Getting to the heart of things: In spring, it's artichokes

March 29, 1995|By Jimmy Schmidt | Jimmy Schmidt,Knight-Ridder News Service

The cool, misty mornings of late winter and early summer give birth to the maturing artichoke. As a chef, I anxiously await the arrival of artichokes at their peak.

An artichoke is the immature flower of a large bush, a member of the thistle family. The heart of the artichoke is the flower base or receptacle, with the leaves being protective bracts of the flower center, better known as the choke.

Baby artichokes are almost entirely edible, but as they grow and get larger, the medium and large artichokes develop firmer outer leaves that are quite difficult to eat. The larger artichokes are cooked, then trimmed of these coarse outer leaves and papery choke center, leaving the delicate base or heart and tender inner leaves.

Select artichokes with green to slightly golden-topped leaves that are very resilient and crisp. Look at the stem to determine the freshness of the artichoke.

Artichokes are best cooked whole to prevent their delicate flesh from turning black. Bring water in a large pot to a boil, add salt and the artichokes. Place a plate or pot lid atop the artichokes to keep them submerged. Cook until they are tender as measured by inserting a small skewer in to the base without any resistance.

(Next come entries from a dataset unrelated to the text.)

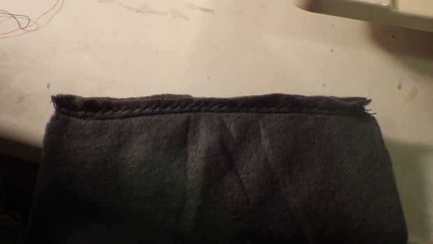 * Empezar por coser los hombros y los lados del chaleco junto, uso una recta Puntada media pulgada de borde de material y seguir con una puntada zig-zag o borde aumentó para la fuerza adicional. No tengo una remalladora, así que hice un zig-zag que puede verse en las fotos segunda y terceros. Una vez cosido el borde cortado del material por lo que s sobre 1/4 de pulgada del borde de zigzag (Foto 3)
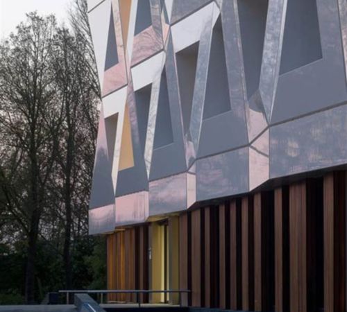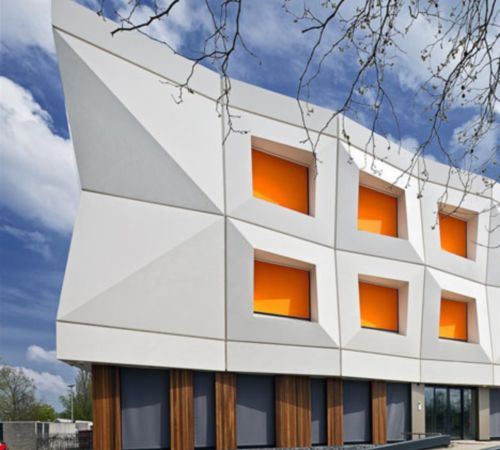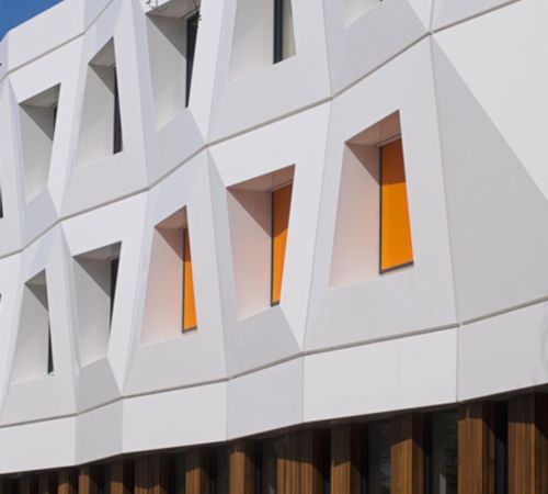 Zgrada je prvo bila konstruisana kao policijska stanica 1970. godine. Novi dijagonalno savijeni fasadni paneli imaju ulogu zaštite originalne strukture i obezbeđuju prostor za dodatnu izolaciju.
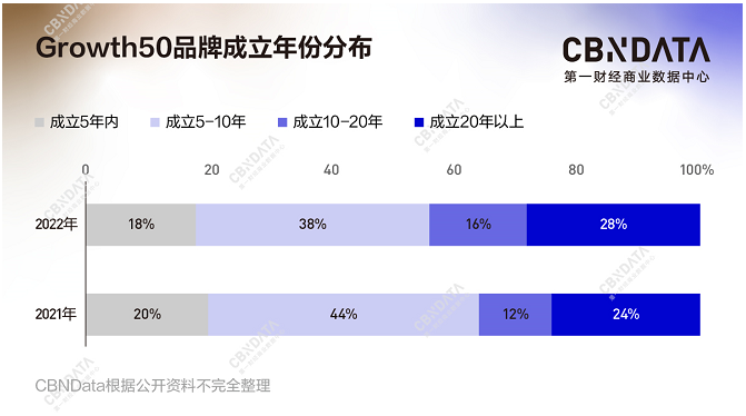 對(duì)比2021年,今年的Growth50榜單發(fā)生了許多變化,我們?cè)噲D從多個(gè)維度來對(duì)Growth50品牌的群像進(jìn)行分析:
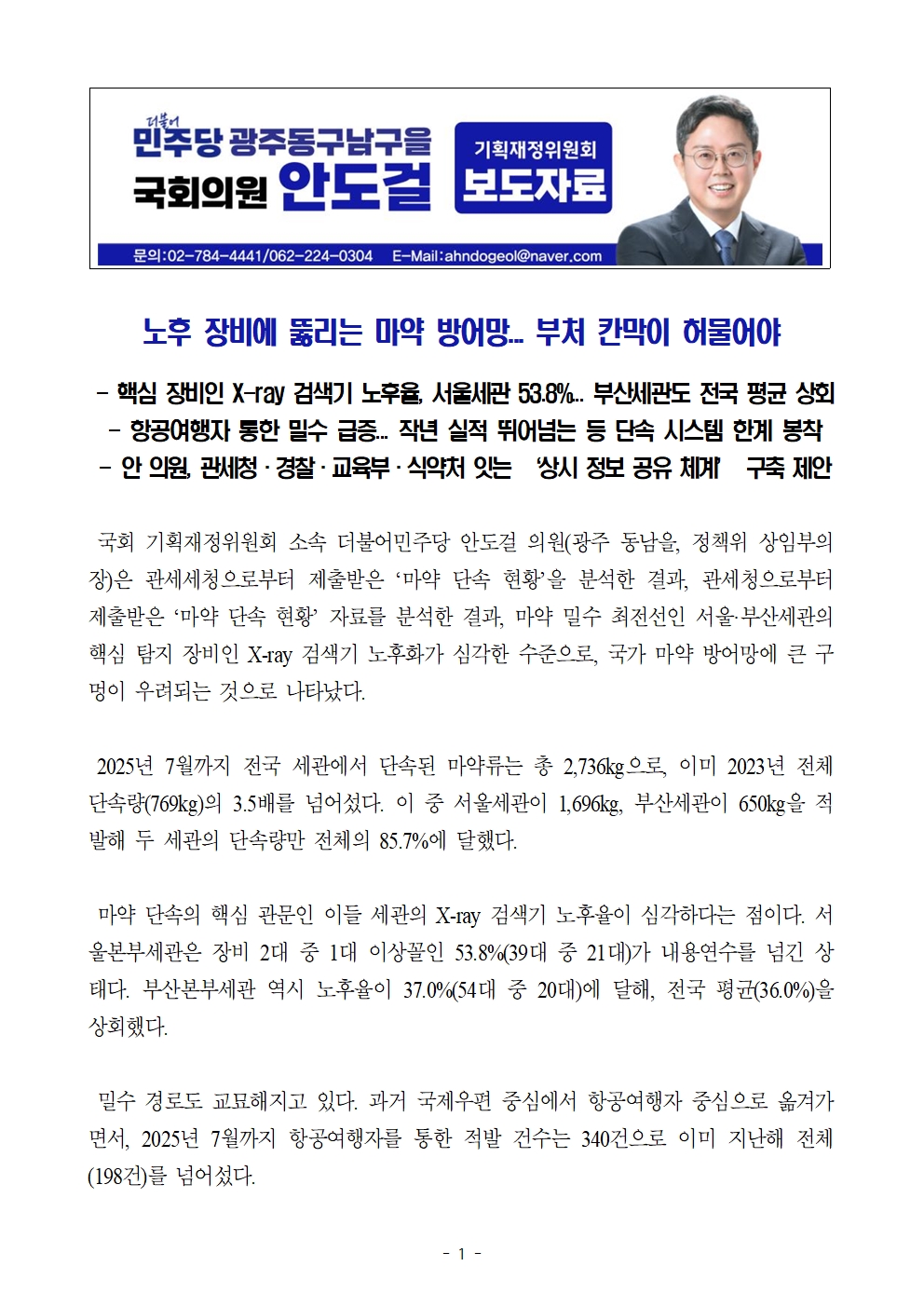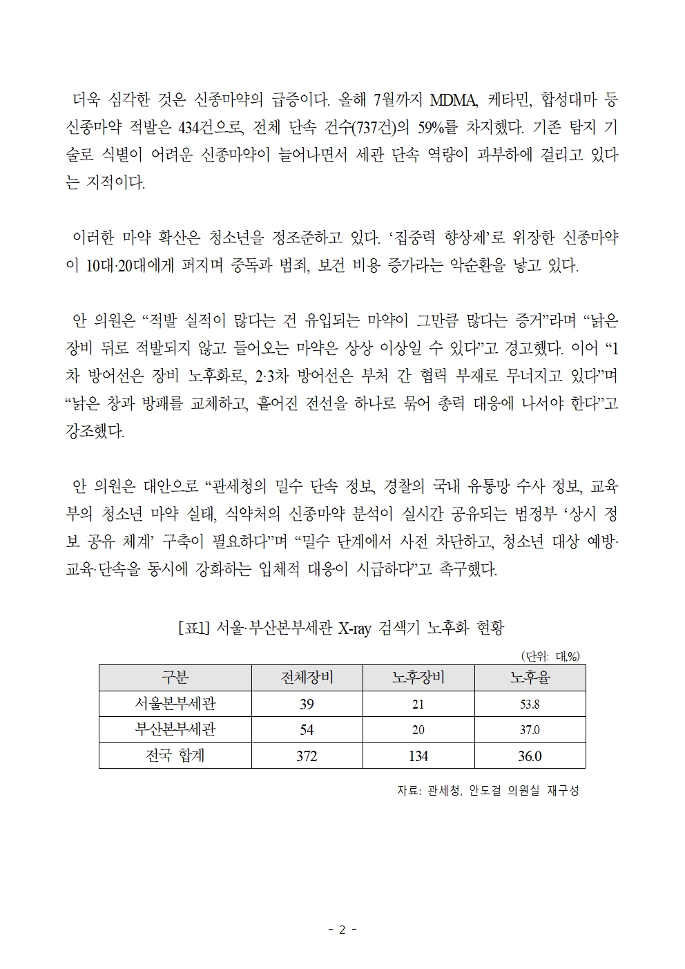 [국회의원 안도걸 보도자료] 노후 장비에 뚫리는 마약 방어망... 부처 칸막이 허물어야
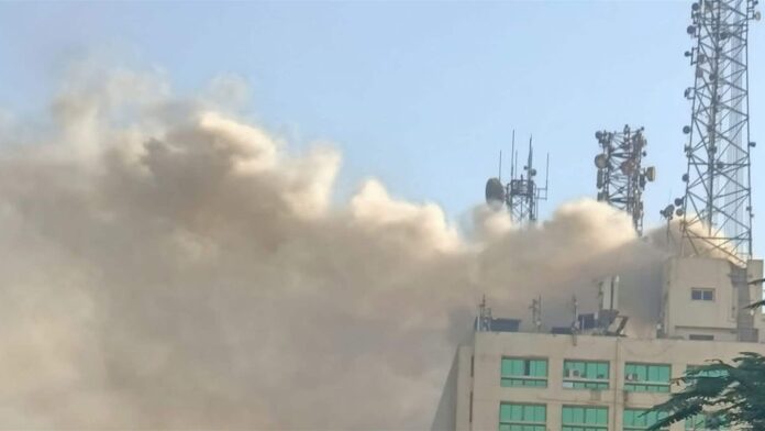 وبدأ الحريق في الطابق السابع من سنترال الهاتف التاريخي في وسط القاهرة.

Drain the artichokes, inverted, in a colander and allow to cool before cleaning. If you prefer to clean the artichokes of the coarse outer leaves and choke before cooking, all the exposed surfaces of the artichoke must be rubbed with lemon juice or vinegar to slow the process of turning black.

Here's a terrific and simple pasta to get you in the mood for spring.

Artichoke-Chicken Linguine

Serves 4

12 baby artichokes

salt to taste

2 tablespoons olive oil

2 cloves fresh garlic, peeled, ends removed, finely minced

1 red onion, peeled, diced

2 red peppers, washed, cored, seeded, diced

vegetable stock, white wine or water

1 pound linguine

4 chicken breasts, boneless, skinless, trimmed of all connective tissue, washed, patted dry, cut into large dice

1 cup minced fresh basil

freshly ground black pepper

freshly grated Parmesan cheese

Fill a large pot three-quarters full with water. Bring to a boil over high heat. Add salt. Add the artichokes, cooking until tender as measured by inserting a small skewer into the base by the stem without any resistance, about 10 to 15 minutes.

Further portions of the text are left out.